Everything looked beautiful. Mom worked hard to showcase her patterns and her work - which is amazing as I am sure you agree.

But, here is my gripe. Dad and I spent more than a few hours manning her booth while she was teaching. We were excited to do so, because we have never thought that mom has tried hard enough to sell herself. Oh, yes, she is in high demand as a teacher. She taught at Going to Pieces in Pleasanton, California for many years, and here at ThimbleCreek. These are two I remember most, but there were so many others and so many quilds she visited. She was thrilled to be a part of The Applique Academy, until good values and good sense told her it was time to move on to better things when the academy's focus became more about business than about preserving and sharing one of our most important traditions. She was heartbroken that this could happen. That the meaning behind the stitches could be lost to the almighty dollar. She moved on admirably and was invited here to teach with the best teachers from across the nation. I know she feels honored to be a part of Baltimore on the Prairie. I hope some of you can join her there. But, I digress - so often.

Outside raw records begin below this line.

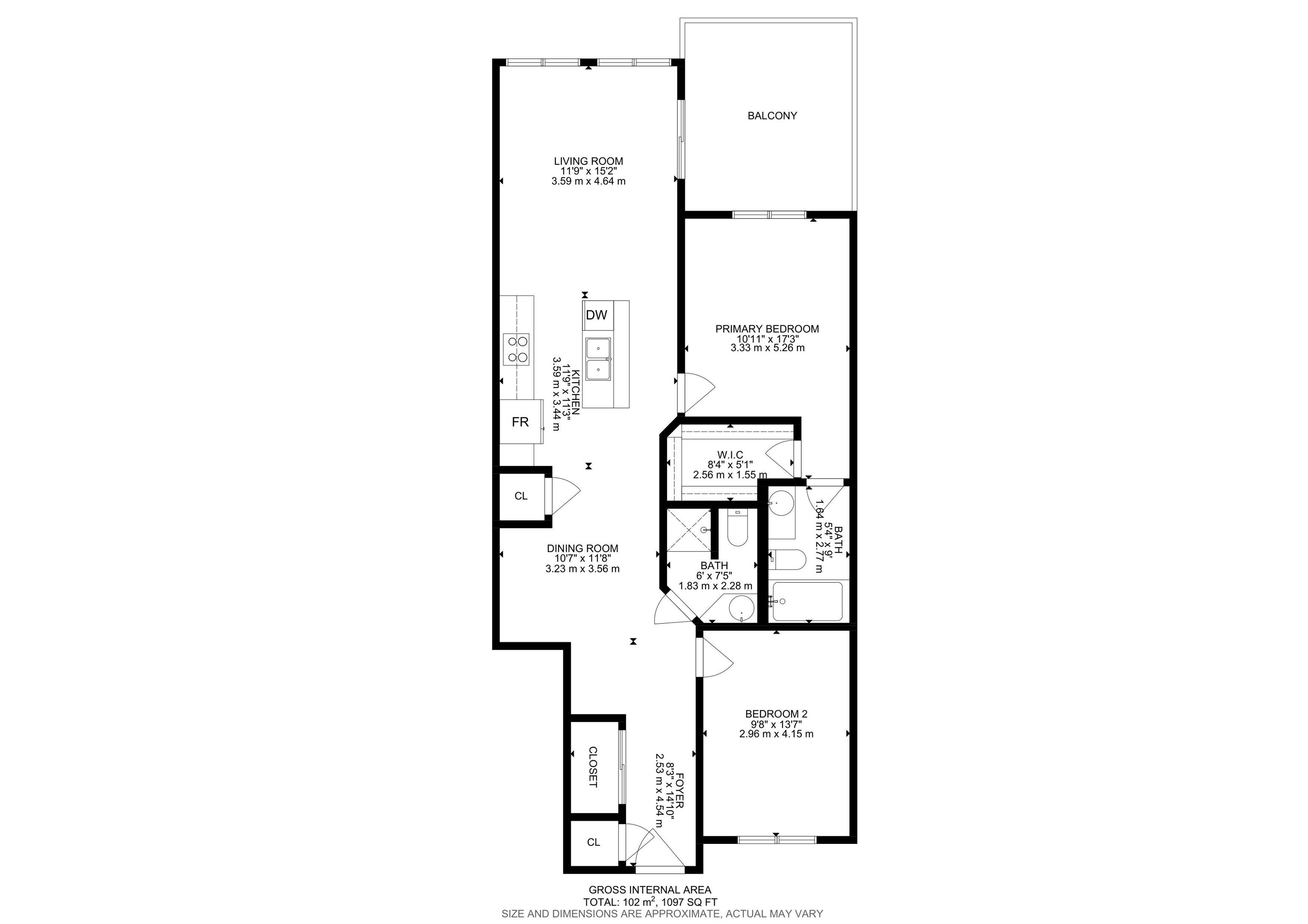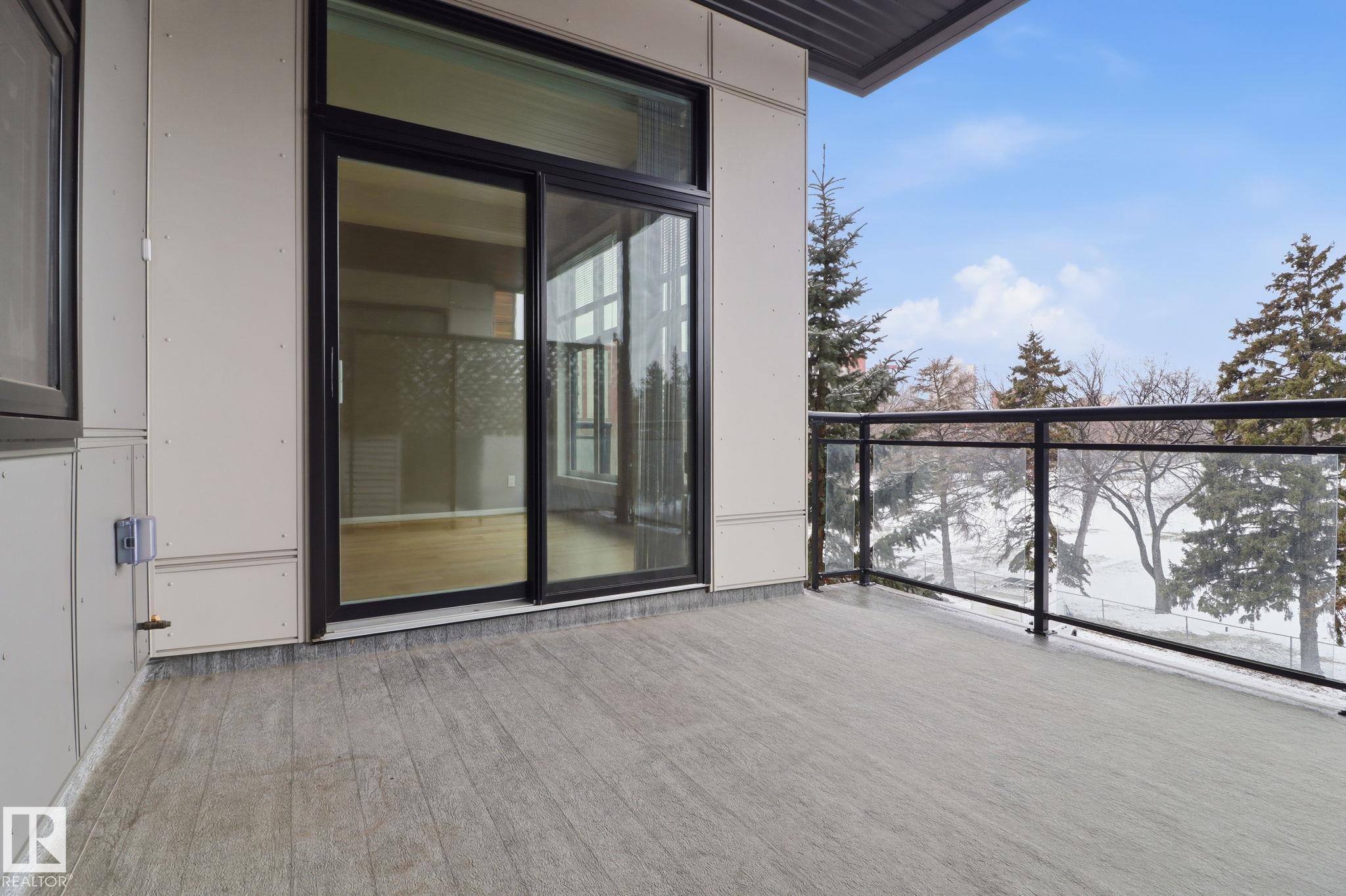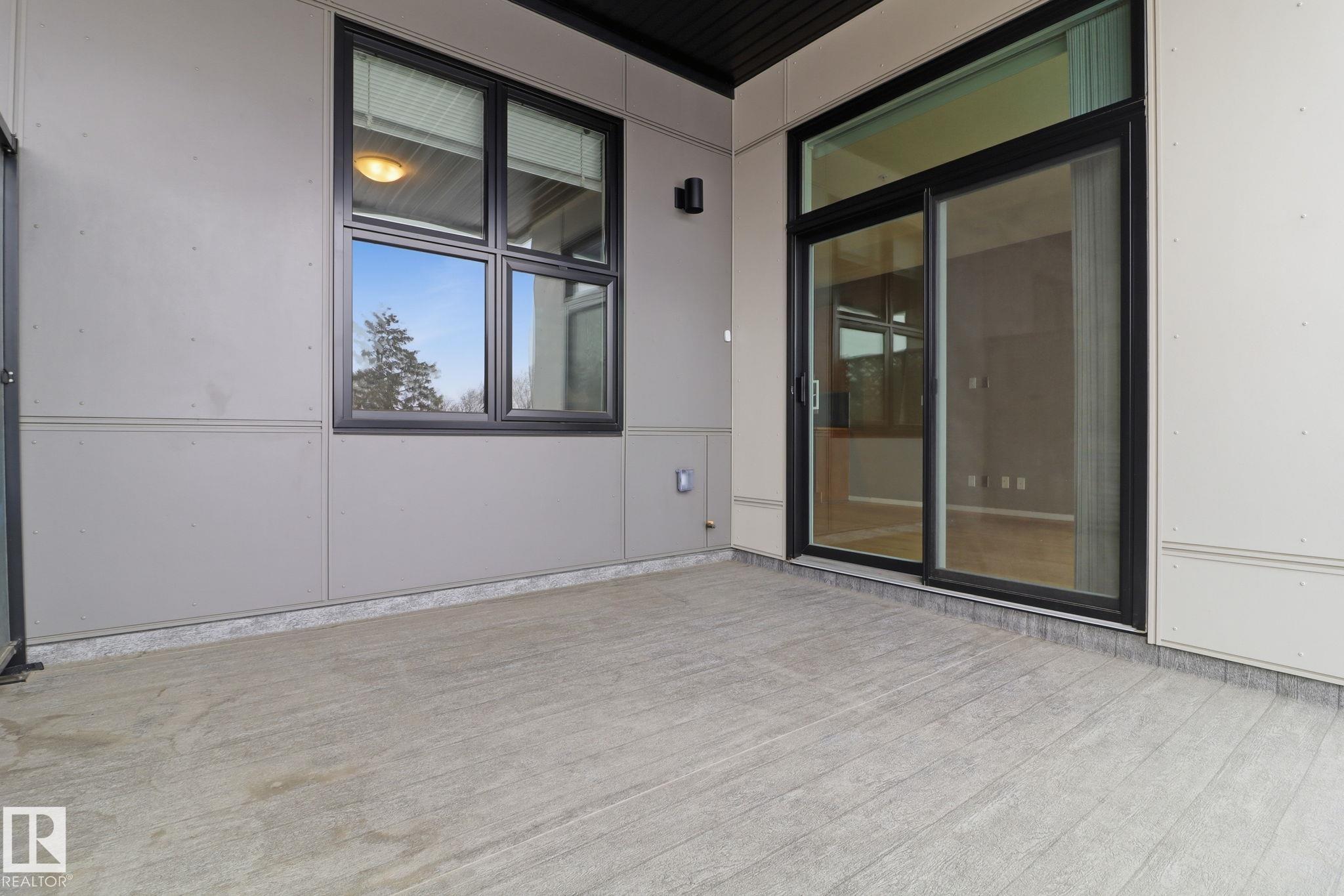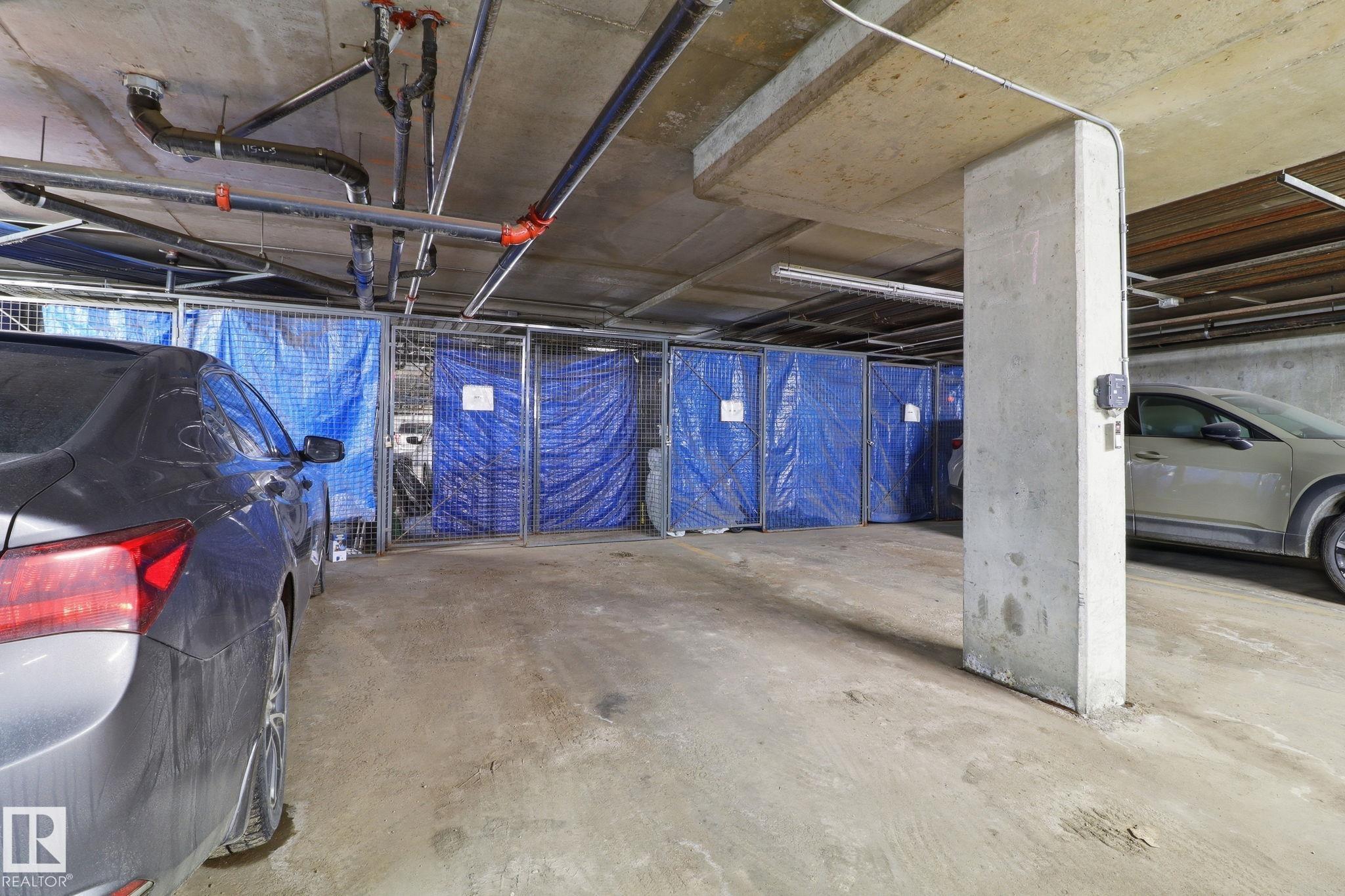 This 1,097 sq ft, 2-bedroom, 2-bath condo is on the 3rd floor of a modern development in a quiet, walkable neighbourhood. Featuring an Art Deco-inspired design with an open-concept layout and 10? ceilings, the unit boasts new maple hardwood flooring and ceramic tile in bathrooms. The kitchen is equipped with solid maple cabinets, subway tile backsplash, and upgraded stainless steel appliances. The primary suite offers a generous walk-in closet and an ensuite with a deep soaker tub. In-suite front-loading washer and dryer add convenience. Floor-to-ceiling windows flood the space with natural light and provide striking views, while a sliding glass door leads to a 120 sq ft walk-out balcony with a natural gas hookup, overlooking a lush park. Included are one heated, security-monitored underground parking stall, a large secured storage cage, and free on-street parking nearby. Close to Unity Square and the Brewery District, restaurants, shopping, groceries, and just a 15-minute walk to MacEwan University.
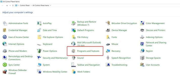 Windows Control Panel All Control Panel Items with Programs and Features highlighted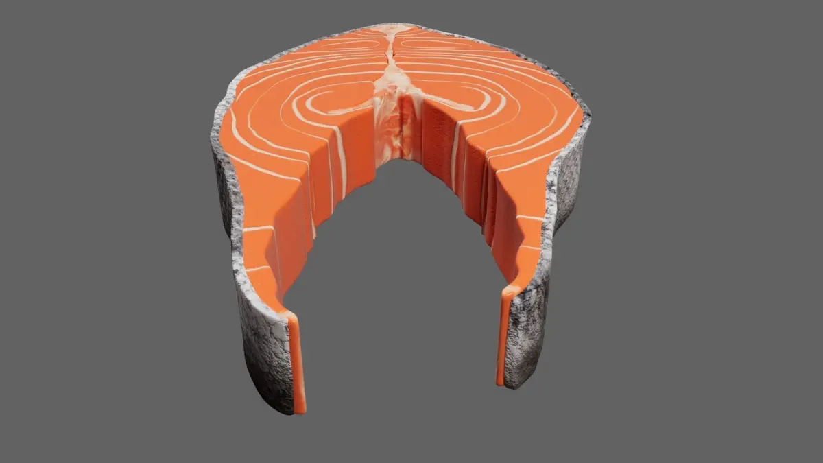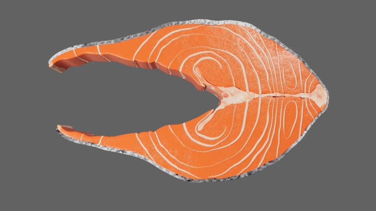 This is a 3d model of salmon slice. The file contains textures, color maps, bump maps, normal maps and meshes. The material is not inserted in the file. Cover images were rendered with vray materials.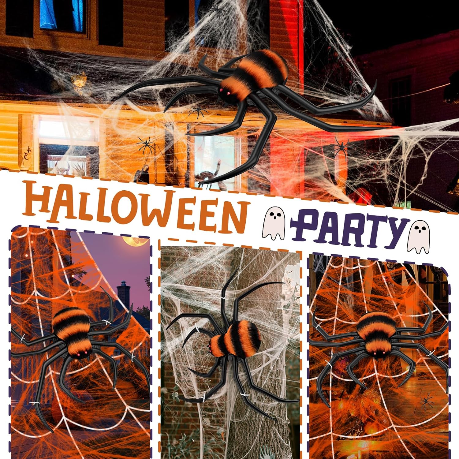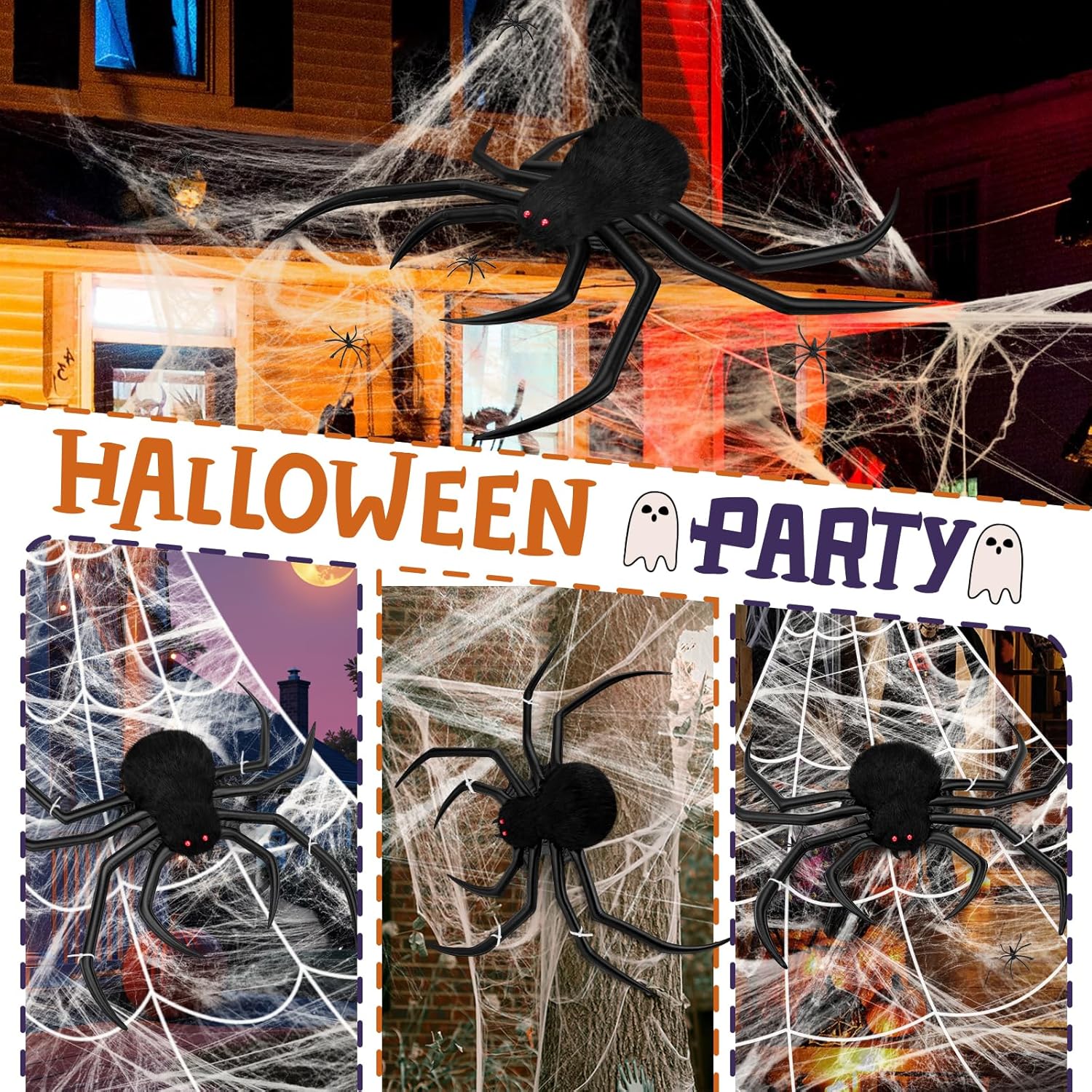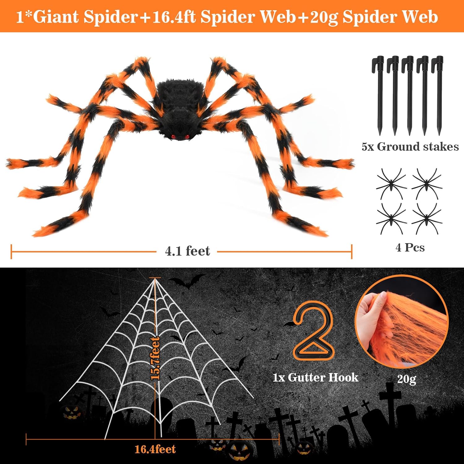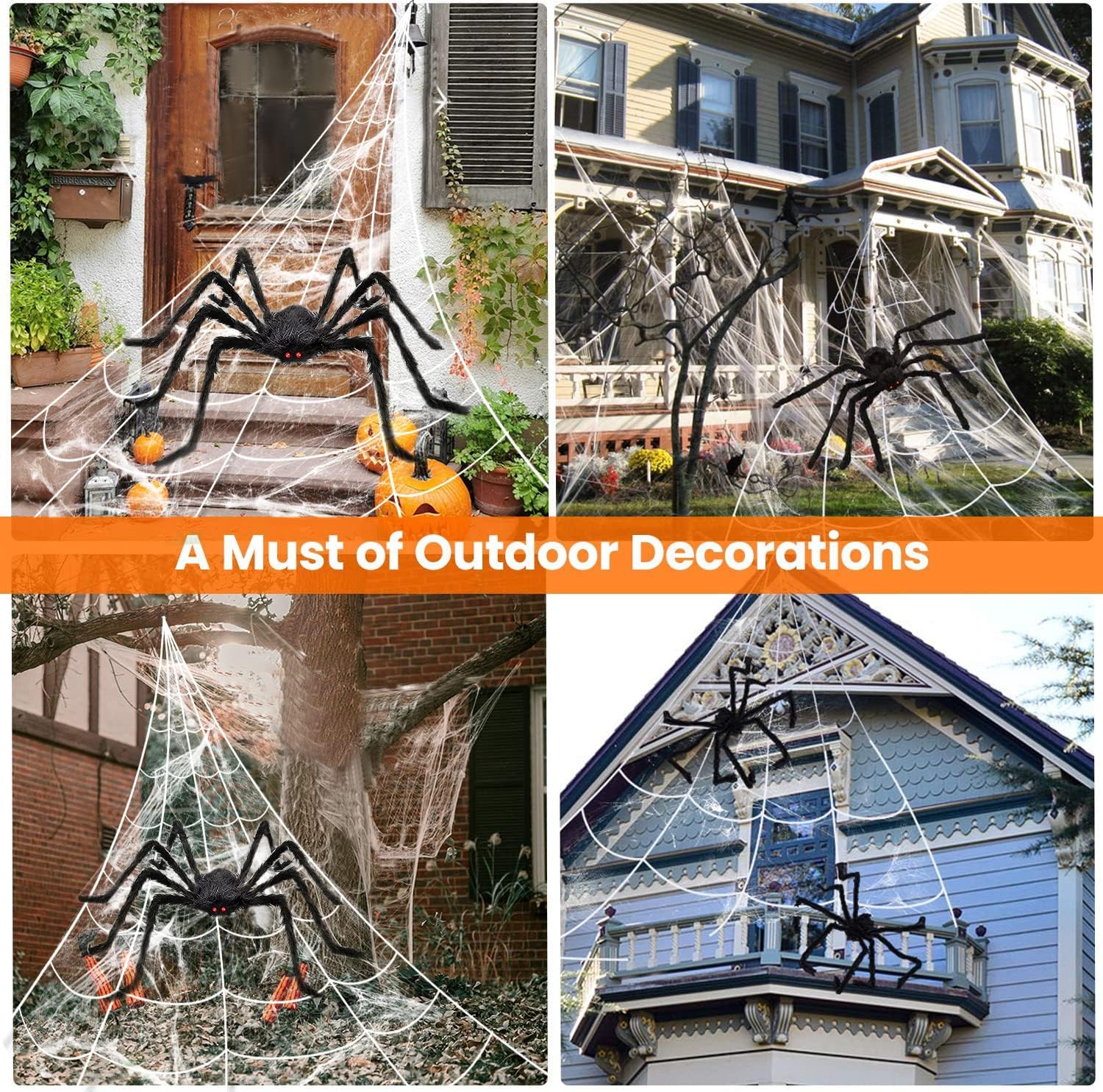 Halloween Decorations Spider Web, 50'' Giant Spider + 200'' Triangular Giant Spider Web and 20G Spider Web, Halloween Spider for Indoor Outdoor Scary Haunted House Spider Web Party Halloween Yard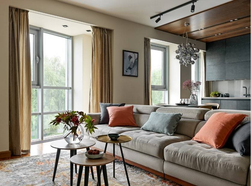 Такой выбор устроит арку, эркер, угловые и двойные окна. Просторная комната ещё больше расширится, а маленькая – обретёт уют и домашнее тепло.

This beautiful wall quilt, Return to Baltimore, hand appliqued and hand quilted, hung to the right in Mom's booth. The applique stitches are completely invisible, the quilting stitches perfect, small and even. This small quilt is a hallmark of my mother's perfection in craft and life. It was in the view of most foot traffic at the show and caught many an eye. In fact, nearly everyone stopped to look at it. Wouldn't you?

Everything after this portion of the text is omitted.